For the first time, Twitter called tweets from Donald Trump “potentially misleading” — a decision that prompted the president to accuse the social media platform of election meddling.
On Tuesday, Twitter highlighted two of Trump’s tweets that falsely claimed mail-in ballots would lead to widespread voter fraud, appending a message the company has introduced to combat misinformation and disputed or unverified claims.
“Get the facts about mail-in ballots,” read the message beneath each tweet. It linked to a curated fact-check page the platform had created filled with further links and summaries of news articles debunking the assertion.
Twitter said the move was aimed at providing “context” around Trump’s remarks. But Twitter’s unprecedented decision is likely to raise further questions about its willingness to consistently apply the label to other Trump tweets that have been deemed misleading by third parties, particularly as the president has lobbed baseless allegations against former Rep. Joe Scarborough regarding the death of a congressional staffer years ago.
Trump’s allegations draw on a discredited conspiracy theory claiming, without evidence, that Scarborough played a role in the 2001 death of then-staffer Lori Klausutis. The reckless claims are undermined by the official autopsy, which found Klausutis had an undiagnosed heart condition. That history was painfully recounted in a letter written last week by Klausutis’s husband, Timothy, to Twitter CEO Jack Dorsey.
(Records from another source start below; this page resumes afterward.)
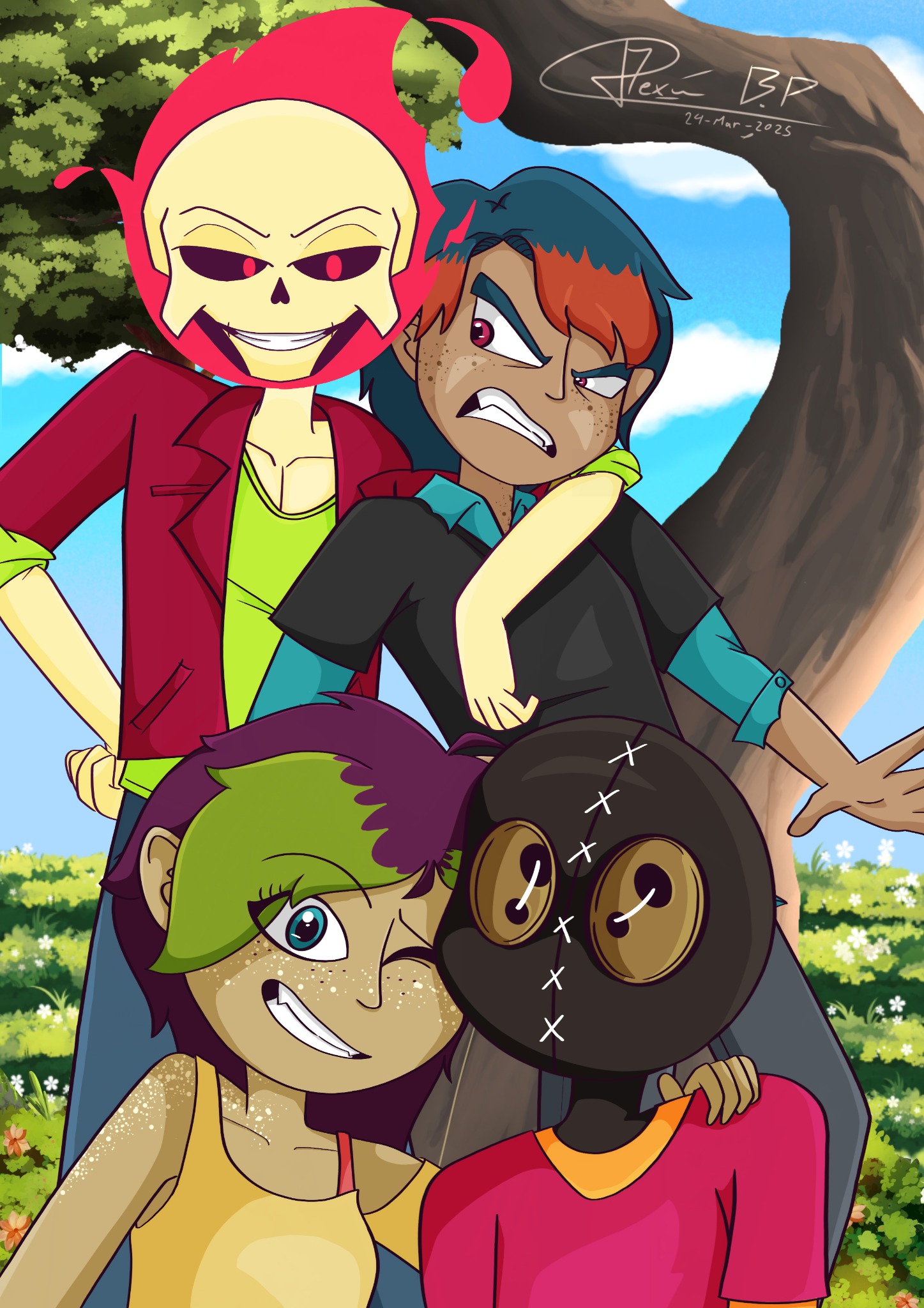 Desarrollo Visual • March 2025 Foto grupal 1 Esta es la primera fotografía de mis personajes más queridos. Le rogaron más de 30 minutos a Valiant para que apareciera pero al final Alex lo terminó obligando.
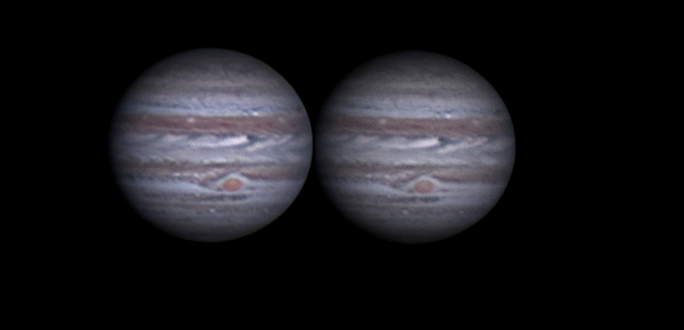 I've looked at clouds from both sides now: "Vorne" der Große Rote Fleck, "hinten" die Störung im südlichen Äquatorialband (4. u. 5.2.2025, LX90, Asi 678MC)
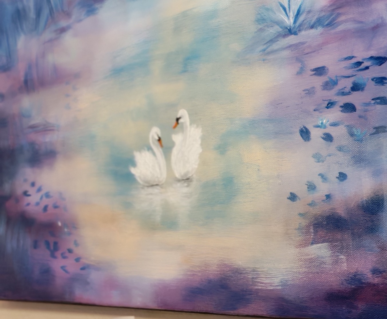 Utuiset sävyt, heijastukset ja lempeä taivas luovat hetken, joka tuntuu ajattomalta ja lohdulliselta. Joutsenten läheisyys kertoo yhteydestä, joka jatkuu silloinkin, kun silmät sulkeutuvat – unissa olemme aina yhdessä.

In the letter, which became public on Tuesday, Timothy Klausutis pleaded with Dorsey to remove Trump’s tweets.
“I’m asking you to intervene in this instance because the President of the United States has taken something that does not belong to him — the memory of my dead wife — and perverted it for perceived political gain,” Klausutis wrote.
When asked by CNN’s Dana Bash on Tuesday about whether social media companies should take action against Trump for pushing conspiracy theories that a critic committed murder, Democratic presidential candidate Joe Biden said: “I’m of the view that social media companies have to reexamine whether or not — for example, if you put something out saying that — that same outlandish thing that the president thinks … they should say it’s not true.”
Shortly after the labels were applied, Trump took to Twitter to claim the company “is interfering in the 2020 Presidential Election” and “stifling FREE SPEECH.” He added that he “will not allow it to happen!”
Twitter declined to comment on Trump’s claims.
Twitter said Tuesday that Trump’s tweets about mail-in voting did not violate the company’s rules because they don’t explicitly discourage people from voting. But, the company said, the label offers context surrounding Trump’s claims.
“These Tweets (here and here) contain potentially misleading information about voting processes and have been labeled to provide additional context around mail-in ballots,” Twitter spokesperson Katie Rosborough told CNN Business in an email. “This decision is in line with the approach we shared earlier this month.”
Rosborough confirmed that this marks the first instances in which Twitter has labeled any Trump tweet as potentially misleading.
Twitter’s actions quickly led to criticism from some of its users, however, who said the measures did not go far enough. Some faulted Twitter for not explicitly saying in the label that Trump’s tweets contained false information; other users said the company should have used a larger font size.
The instant feedback highlights how Twitter, which has long grappled with how to address Trump’s tweets, may now find itself under even greater pressure than before to act in a consistent and transparent manner.
The White House did not immediately respond to a request for comment.